For the last two years, a person acting erratically in downtown Denver has likely first encountered unarmed health care workers rather than police. That shift stems from the rollout of a program known as Support Team Assisted Response, or STAR, which sends a mental health clinician and paramedic to respond to certain 911 calls about nonviolent behavior.

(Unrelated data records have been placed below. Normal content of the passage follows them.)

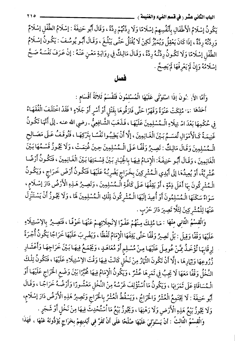 أَحَدُهَا: مَا مُلِكَتْ عَنْوَةً وَقَهْرًا حَتَّى فَارَقُوهَا بِقَتْلٍ أَوْ أَسْرٍ أَوْ جَلَاءٍ؛ فَقَدْ اخْتَلَفَ الْفُقَهَاءُ فِي حُكْمِهَا بَعْدَ اسْتِيلَاءِ الْمُسْلِمِينَ عَلَيْهَا، فَذَهَبَ الشَّافِعِيُّ -رَضِيَ اللَّهُ عَنْهُ- إلَى أَنَّهَا تَكُونُ غَنِيمَةً كَالْأَمْوَالِ تُقْسَمُ بَيْنَ الْغَانِمِينَ، إلَّا أَنْ يَطِيبُوا نَفْسًا بِتَرْكِهَا، فَتُوقَفُ عَلَى مَصَالِحِ الْمُسْلِمِينَ، وَقَالَ مَالِكٌ: تَصِيرُ وَقْفًا عَلَى الْمُسْلِمِينَ حِينَ غُنِمَتْ، وَلَا يَجُوزُ قَسْمُهَا بَيْنَ الْغَانِمِينَ، وَقَالَ أَبُو حَنِيفَةَ: الْإِمَامُ فِيهَا بِالْخِيَارِ بَيْنَ قِسْمَتِهَا بَيْنَ الْغَانِمِينَ، فَتَكُونُ أَرْضًا عُشْرِيَّةً، أَوْ يُعِيدُهَا إلَى أَيْدِي الْمُشْرِكِينَ بِخَرَاجٍ يَضْرِبُهُ عَلَيْهَا فَتَكُونُ أَرْضَ خَرَاجٍ، وَيَكُونُ الْمُشْرِكُونَ بِهَا أَهْلَ ذِمَّةٍ، أَوْ يَقِفُهَا عَلَى كَافَّةِ الْمُسْلِمِينَ، وَتَصِيرُ هَذِهِ الْأَرْضُ دَارَ إسْلَامٍ، سَوَاءٌ سَكَنَهَا الْمُسْلِمُونَ أَوْ أُعِيدَ إلَيْهَا الْمُشْرِكُونَ لِمِلْكِ الْمُسْلِمِينَ لَهَا، وَلَا يَجُوزُ أَنْ يَسْتَنْزِلَ عَنْهَا لِلْمُشْرِكِينَ لِئَلَّا تَصِيرَ دَارَ حَرْبٍ.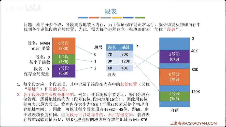 - 基本分段存储管理:段表、越界检查、分段与分页对比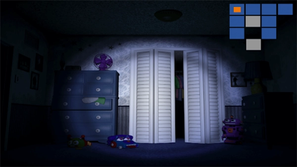 电力控制室:玩家需开启电力维修面板以重启电力系统,按住相应按钮即可操作。在此过程中,欢乐弗雷迪会尝试接近玩家,右上角会显示危险等级提示。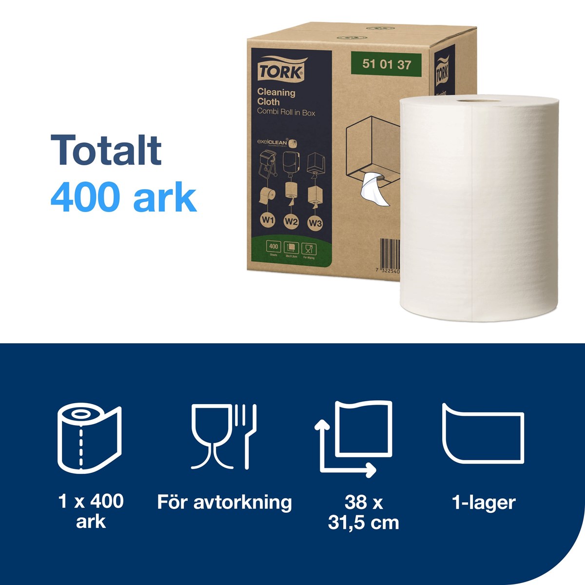 Mjuk vit W1/2/3: Att byta trasor inför varje uppgift är ineffektivt. Tork Rengöringsduk gör livet enklare och kan användas med de flesta lösnings- desinfektions- och rengöringsmedel. Dukarna är slitstarka och absorberar snabbt upp vätskor och oljor, och de kan användas upprepade gånger för ökad effektivitet. Använd med Tork Dispenser Maxi Centrummatad eller Tork Dispenser Rulle i Box, som går att använda med en hand. De kan även användas med Tork Golv- och Väggställ som tagits fram för att spara utrymme på arbetsplatsen.1 rulle , med 400 dukar vardera. 1-lagers. Premium-kvalitet. Storlek på rulle: D 152 m, B 32 cm. Arkets längd: 38 cm. Hylsa inre diameter: 7.13 cm. Passar med W2 dispensrar.

The program, and others like it, aim to defuse the tensions that can arise when police officers confront civilians in distress. Critics of these experimental programs have suggested that such reduced police involvement could allow crime to flourish. Now, researchers have found that during its pilot phase, the STAR program did not appear to lead to more violent crime. And reports of minor crimes substantially decreased, the researchers conclude June 8 in Science Advances.
Much of that reduction occurred because the health responders do not issue citations or make arrests (SN: 12/18/21). But even that reduction in reported crime is beneficial, says economist Thomas Dee of Stanford University. “That person is getting health care instead of being arrested.”
Following the death of George Floyd at the hands of a white police officer and the subsequent rise of the Black Lives Matter movement in the summer of 2020, cities throughout the country have been rolling out programs like STAR. “We cannot police our way out of every social problem,” says Temitope Oriola, a sociologist at the University of Alberta in Edmonton, Canada. But so far there have been few studies of these programs’ effects on crime, let alone on the reduction of violence between police and the public (SN: 7/9/20).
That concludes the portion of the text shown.